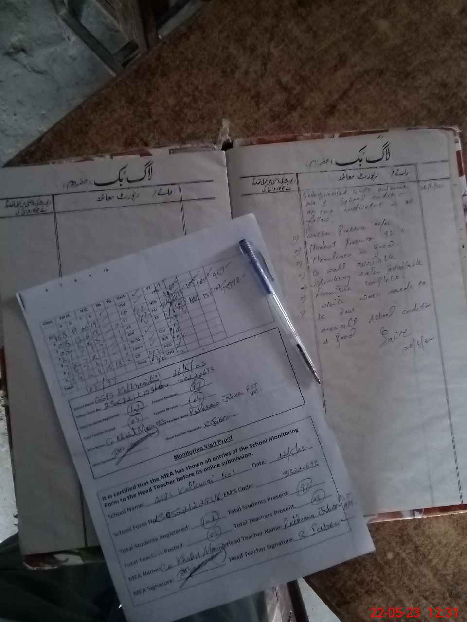 | Attendance Register | Head Teacher | MEA with School | Visit Proof |
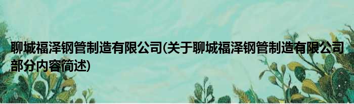 聊城福泽钢管制造有限公司(关于聊城福泽钢管制造有限公司部分内容简述)
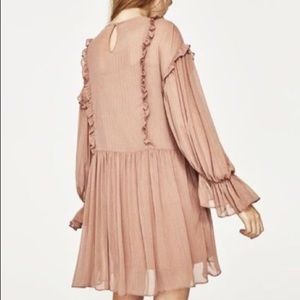 NWT Zara Blush Ruffled Shiny Frilled Mini Dress

--*--

* EXERCISE GOAL
Give back every line of the material above word for word, leaving out the pictures.

* SOLUTION TO THE PROBLEM
 | Attendance Register | Head Teacher | MEA with School | Visit Proof |
 聊城福泽钢管制造有限公司(关于聊城福泽钢管制造有限公司部分内容简述)
 NWT Zara Blush Ruffled Shiny Frilled Mini Dress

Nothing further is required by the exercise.